Technical details about »Applied Mediocrity«

(September 4, 2009)

As you may or may not have noticed, my latest intro won the PC 64k competition at Evoke 2009. Unlike my previous demos and intros, it actually featured a few effects that go beyond fixed-function rendering or per-pixel lighting. For all who are interested in how it works, I’ve written this small article that explains how each of the eight effects in the intro is done, as well as some general insight into the creation process of the intro.

Design

First and foremost: There is no such thing as design in this intro. It is a simple effects show, and it was meant to be one from the start. Also, there’s no real »flow« (whatever that word may mean to you) in the intro. The only thing that connects the scenes is some half-hearted attempts at transitions or camera moves so that one scene starts with a solid color that is left behind from the previous scene.

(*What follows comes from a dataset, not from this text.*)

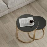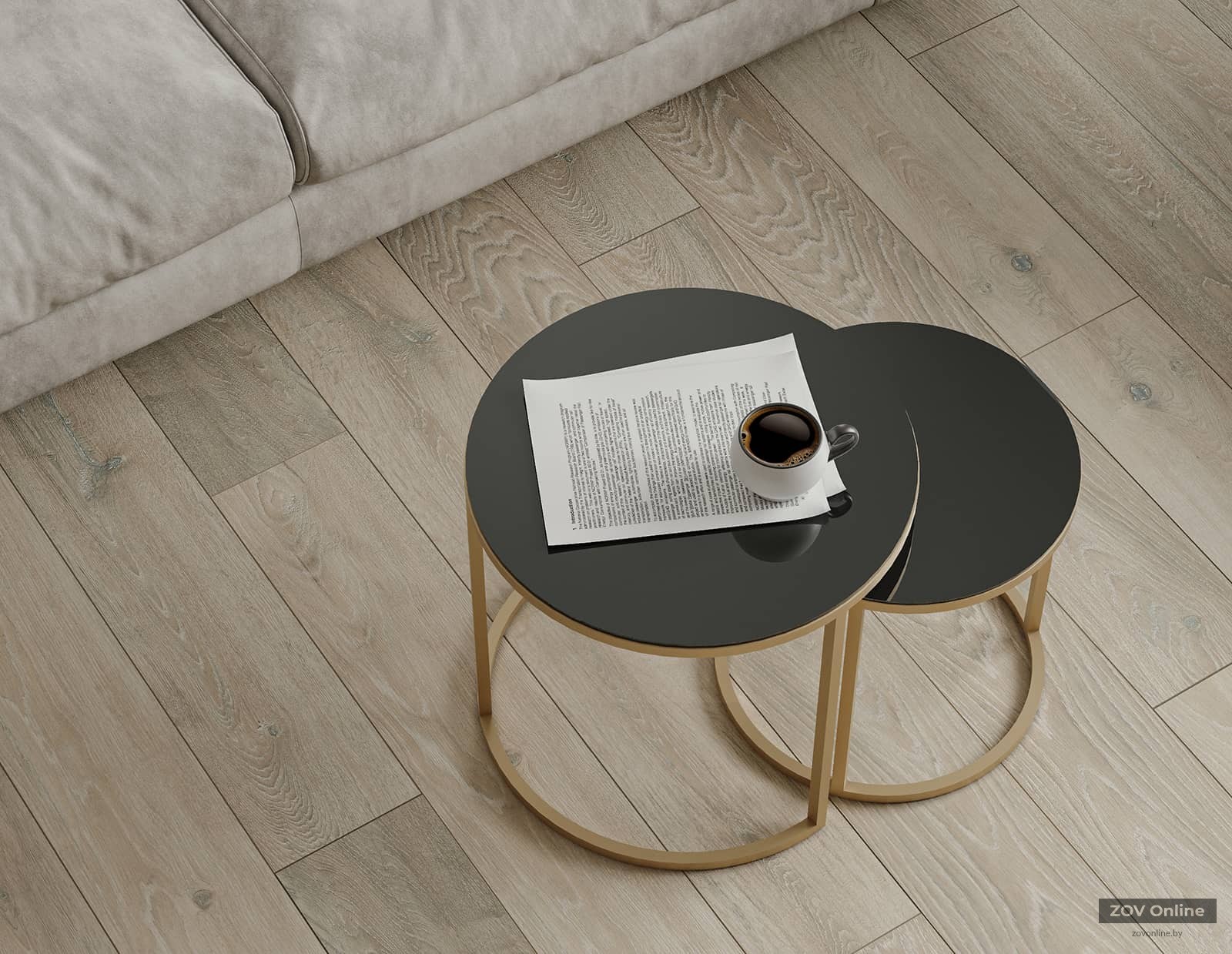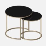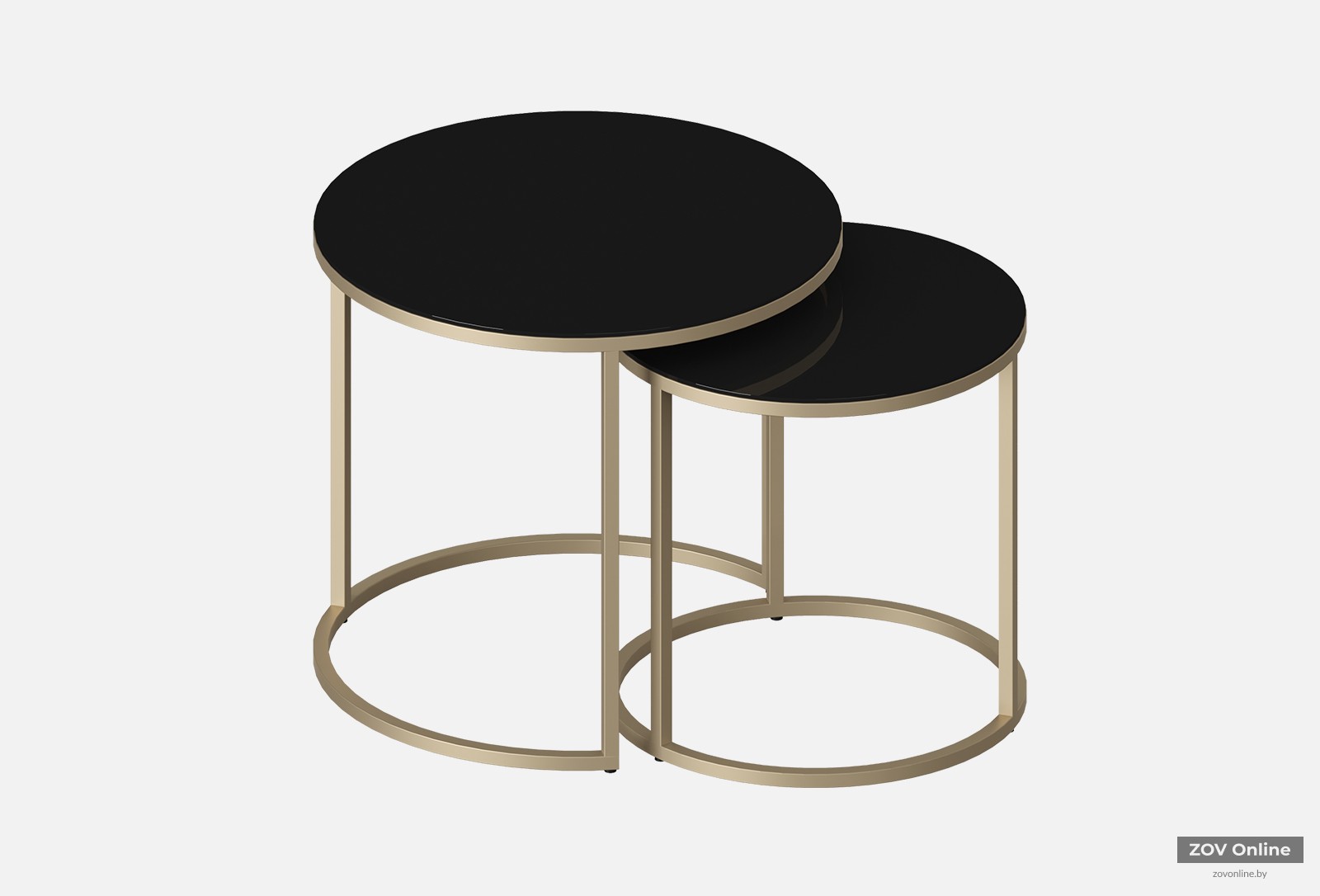TOP Small table: 4 mm Lacobel glass, Black. Large table: Lakobel glass 4 mm, Black color FRAME Metal, RAL 1036 color (matte polymer paint)
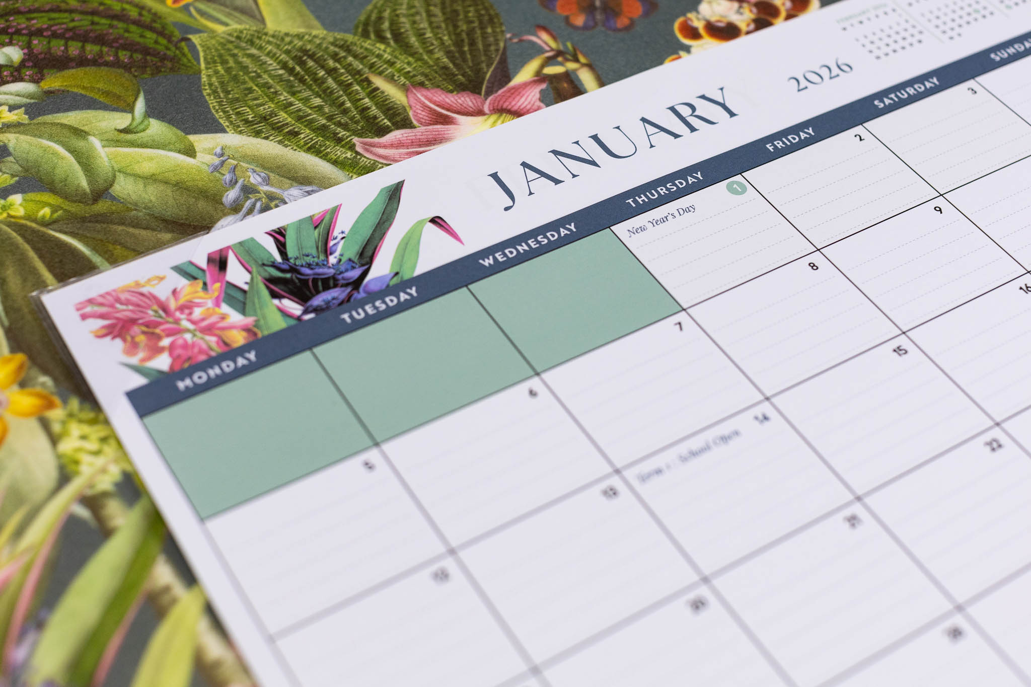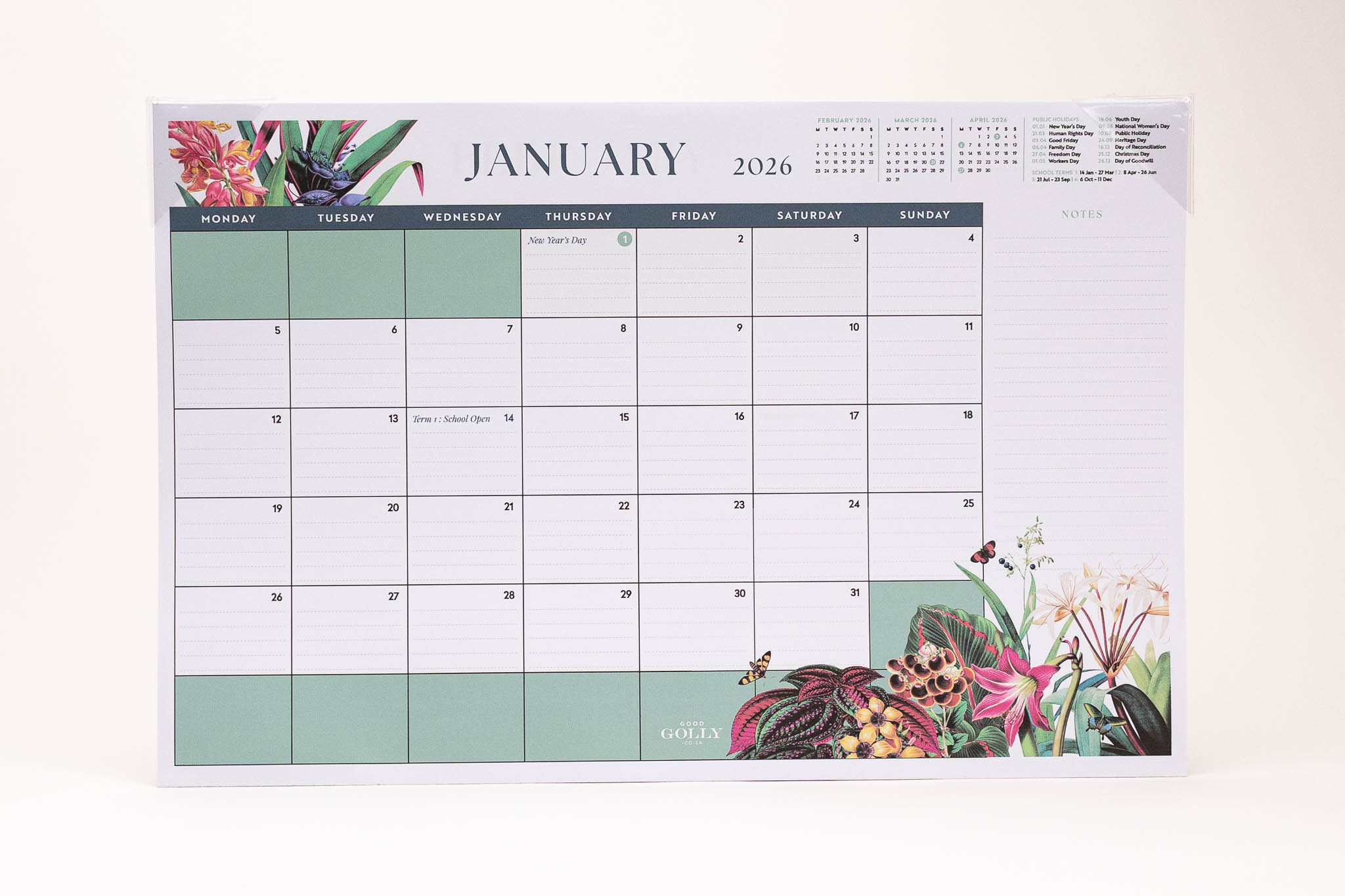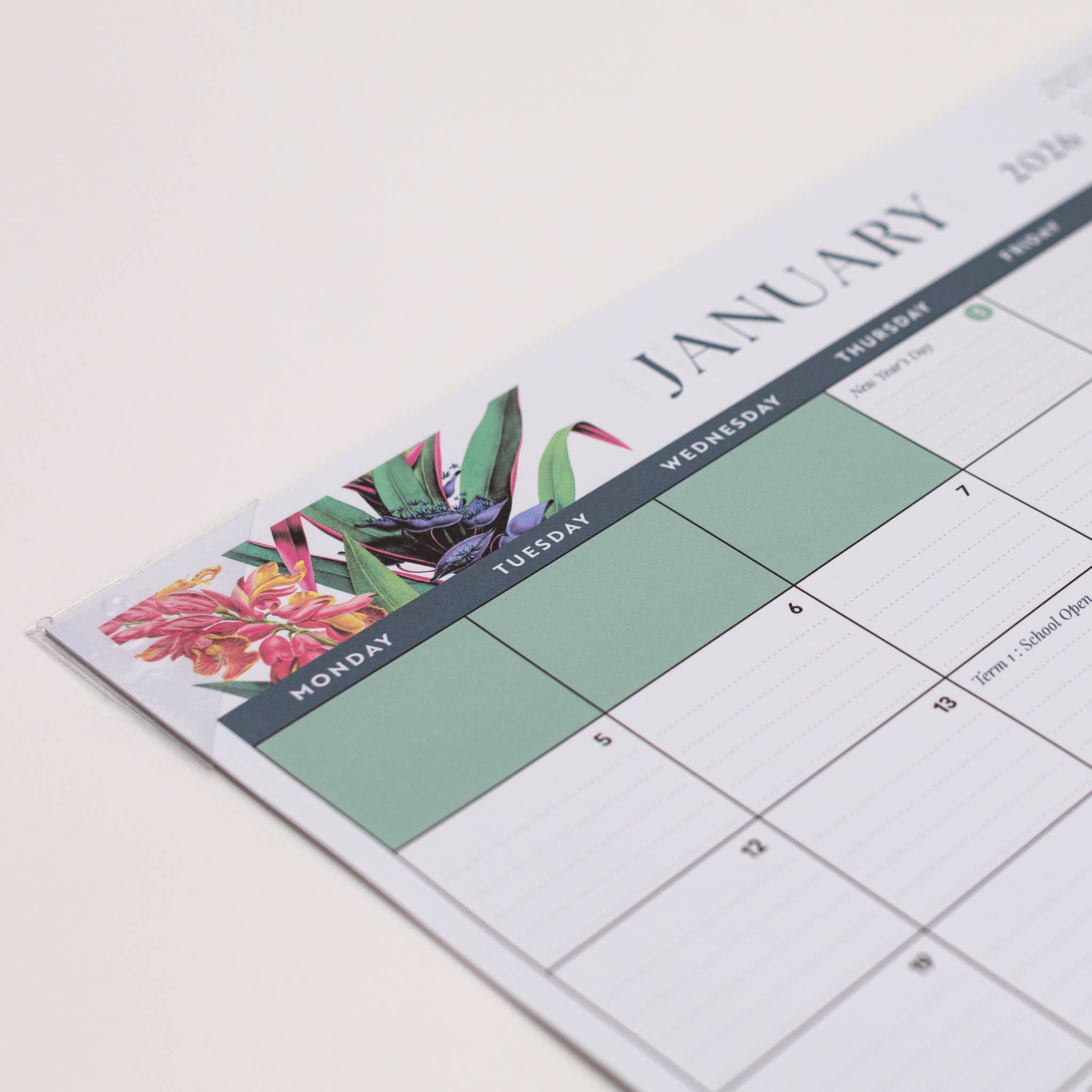 Desk Pad Calendars 2026. A beautiful spin on an old classic. The design features a month at a glance design, public holidays, school holidays, important dates and ample writing space. Spoil yourself in 2026 – because no planner needs to be ordinary.

The name »Applied Mediocrity« is a slight hint at how Kakiarts’ (moderate) success comes from: Even if every demo or intro we ever did is only mediocre from a technical point of view, we still appear to have some weird kind of charm that makes all the difference – hence applied mediocrity.

Technology

The intro is Win32-only, mainly because the only external library it relies on, farbrausch’s V2 synthesizer system is Win32-only. If there was a Linux port of this synthesizer (or any other halfway decent synthesizer), I could have compiled the intro for Linux easily: There are no Win32isms in the code and there should be no MSVCisms eithers, a port from Win32 to SDL already exists because the engine used in this intro is basically the same as in »8-Bit Wonderland«, even the setup dialog has already been ported from Win32 to Gtk+, and the graphics are OpenGL anyway.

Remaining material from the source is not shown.